WeChat Impact Report 2016 – latest data about Chinese social media - tjennychen
https://walkthechat.com/wechat-impact-report-2016/
======
eric_khun
I've been in China for 5years now. Wechat payment is awesome and made my life
way easier! I pay my rent/taxi/friends/errands/restaurants with wechat. It's
faster to pay with it than cash or credit card. Almost every shop accept it.

It also change my life when dealing money with people. Everyone can transfer
money to each other, and people assume that everyone has it (what is 95% true
in my social circle). I don't need to have cash, credit card, and don't have
to deal with change/money issues anymore with them. You do not need to see
people physically, or ask any bank information.

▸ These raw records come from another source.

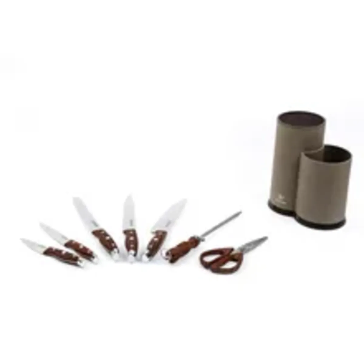 سرویس چاقو آشپزخانه لایف اسمایل مدل NSEL-2 زیر نظر بهترین سرآشپزهای دنیا طراحی و تولید شده است. نتیجه این همکاری ساخت چاقوهای باکیفیت با دستههای منحصر به فرد است. مجموعه چاقو لایف اسمایل از 8 پارچه مختلف شامل چاقو سرآشپز، چاقو نان، چاقو برش خورده، ابزار چاقو، چاقو تکهای، شاپنر، قیچی و جعبه نگهداری تشکیل شده است.
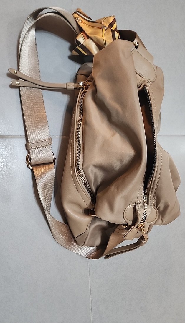 Gri ayarlanabilir askılı bej deri kadın çanta, fermuarlı bölmelere sahip. Minimalist ve çağdaş tasarımıyla günlük kullanım için uygundur.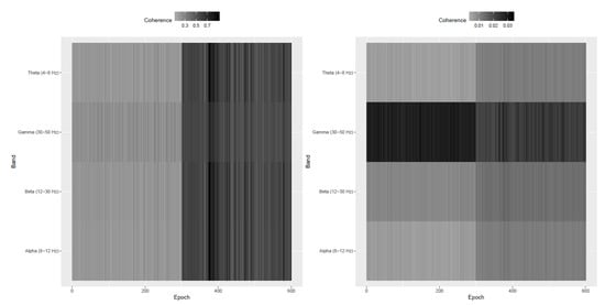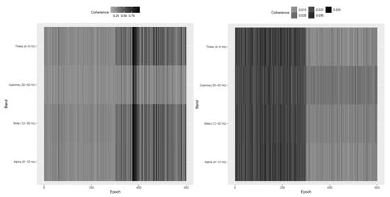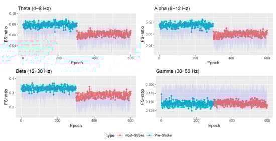 Table 1 and Table 2 contain numerical summaries of the FS-ratio statistic for the pre and post stroke epochs at various frequency bands. We notice that the Beta band is where there is maximum difference observed between the pre and post stroke epochs. The Gamma band is consistent throughout the experiment’s 600 epochs. Within the pre stroke epochs (and also within the post-stroke epochs), the most variation in FS-ratio is observed in the Beta band.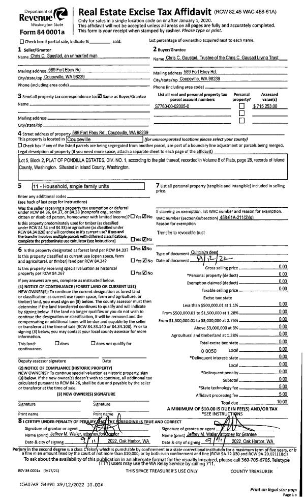 | 2 | 08/12/2012 | QCD | Quit Claim Deed | GAUSTAD, CHRIS C | GUASTAD TTEE, CHRIS C. | | | $0.00 | 54490 | 4551048 |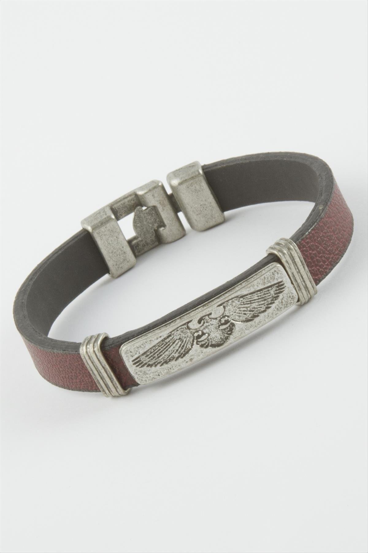 Çift Başlı Kartal Suni Deri Bileklik-Bordo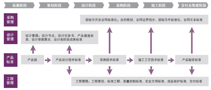 第一个一体化指设计、采购、工程专业技术和管理的一体化,最终形成了各专业模块的工作标准。设计标准纳入到设计管理的各类管理输出成果中,或者成为设计管理的工具,如设计任务书、设计审图要点等;采购技术标准纳入到采购招投标和合同文件中,同时明确采购验收标准,成为输出给材料设备供应商的技术要求和工程施工阶段材料设备的验收标准要求;施工工艺标准也将纳入招标文件及合同中,成为工程营造过程中对施工单位的营造要求,对监理单位和甲方监控的要求;这样有效的形成了产品技术标准和管理活动的融合,有效的提升了专业人员的管理水平和管理的精细度。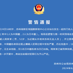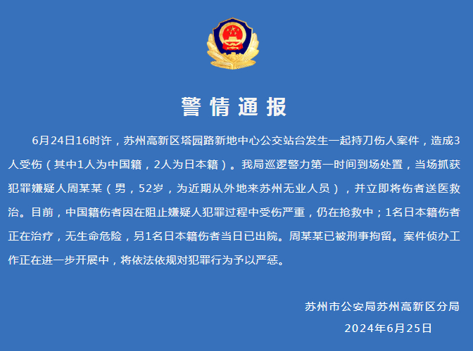 据苏州高新公安微警务消息,6月24日16时许,苏州高新区塔园路新地中心公交站台发生一起持刀伤人案件,造成3人受伤(其中1人为中国籍,2人为日本籍)。该局巡逻警力第一时间到场处置,当场抓获犯罪嫌疑人周某某(男,52岁,为近期从外地来苏州无业人员),并立即将伤者送医救治。目前,中国籍伤者因在阻止嫌疑人犯罪过程中受伤严重,仍在抢救中;1名日本籍伤者正在治疗,无生命危险,另1名日本籍伤者当日已出院。周某某已被刑事拘留。案件侦办工作正在进一步开展中,将依法依规对犯罪行为予以严惩。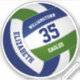This custom volleyball themed vinyl sticker features a dark blue, green and white volleyball upon which you can customize the player's name & jersey number plus team name in a varsity letter style font - by katz_d_zynes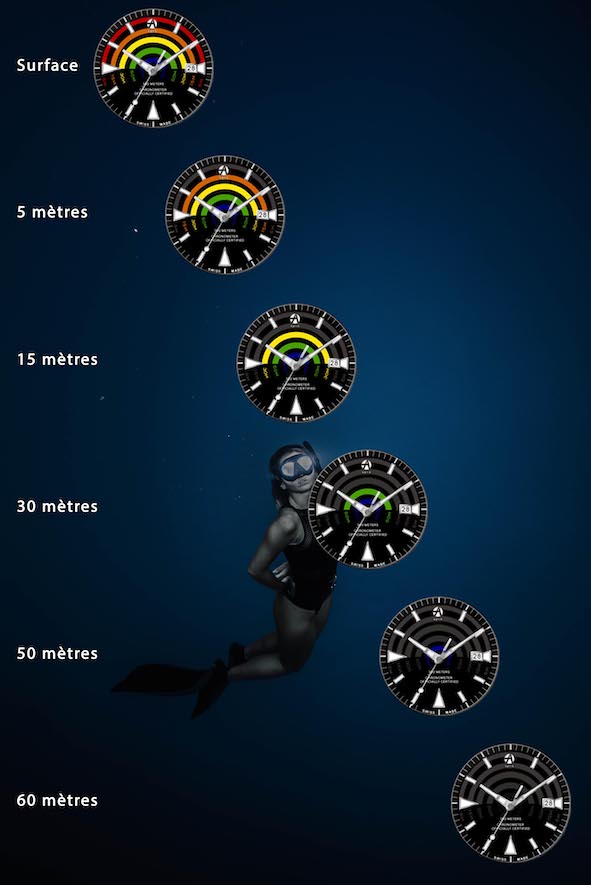 Partiamo dall’inizio spiegando come, in questa collezione di orologi Plongeur, i colori sul quadrante scompaiano mano mano che si scende in profondità.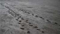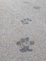 Kondensstreifen zum Thema Spuren | Pfoten auf Asphalt zum Thema Spuren | Kondensstreifen | Spuren im Schnee | |||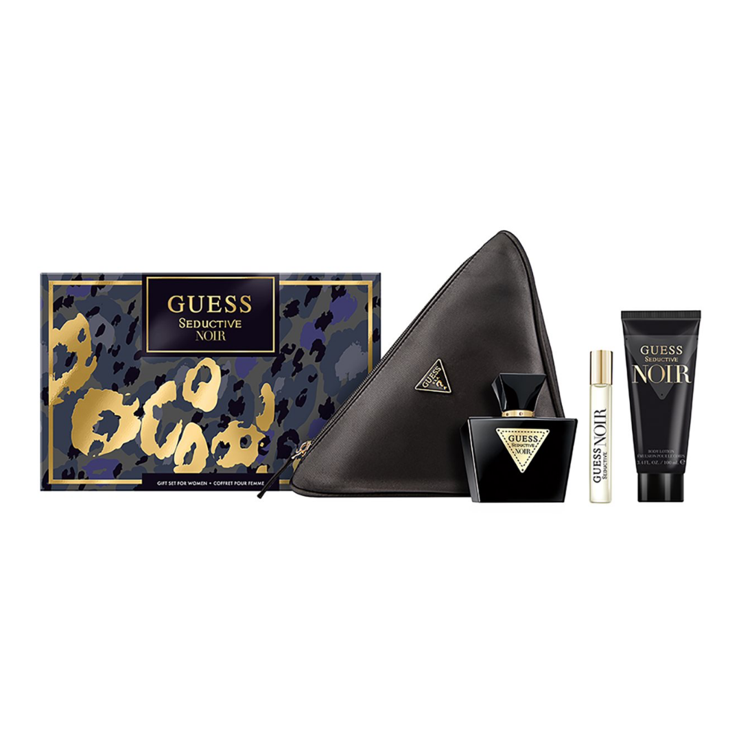 Este producto es el set de regalo Guess Seductive Noir para mujer, que incluye un perfume Eau de Toilette, un spray de viaje, loción corporal y un neceser.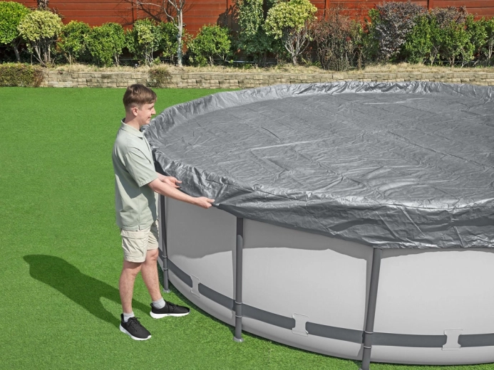 Uzturiet ūdeni baseinā tīrāku ilgāku laiku. Premium klases BESTWAY pārsegplēve ar 4,57 m diametru ir paredzēta apaļiem virszemes baseiniem un apvieno stiprību, UV izturību un uzticamu fiksāciju. Integrētās drenāžas atveres novērš peļķu veidošanos uz virsmas un atvieglo ikdienas lietošanu.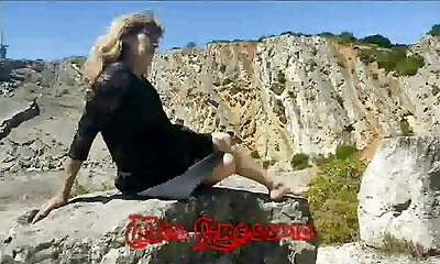Kinky honey enjoys fingering her tight asshole in public
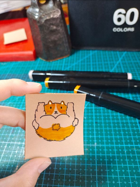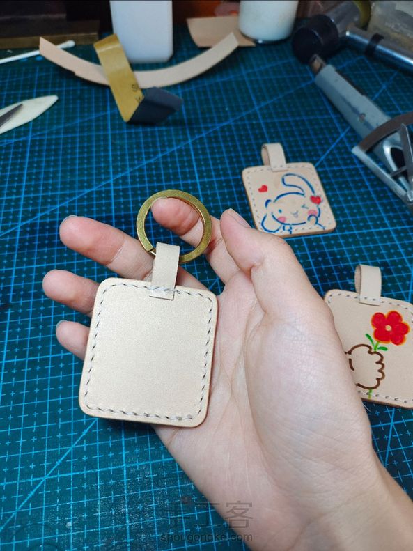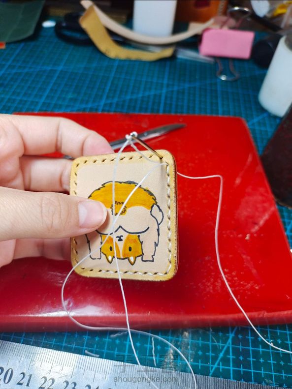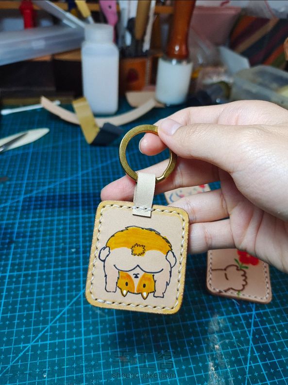牛皮手绘可爱的柴犬钥匙扣挂件

There is also pretty fun to I see in many group I am in (from 2 to 500
people). You can send "Red envelopes". You set the amount of it, to how many
winner you want, and if the ammount is random across people winning or not).
The others don't know the amount of money in it. The X first(s) to open the
red envelope get the money. I believe this increase the stickiness of the
group you're in. I know some group sending many red envelops a day (for any
kind of reasons). I also believe the number of red envelops sent increased a
lot during the Chinese new year (It's a tradition to give red envelope during
CNY).

For the fee: After 20k RMB , you'll have to pay a 0.1% fee on on every
transfer. The limit is reset every month. You can also put back the money in
your bank. The limit is 1K rmb/week, if that exceeded, you pay some fee (can't
remember how much).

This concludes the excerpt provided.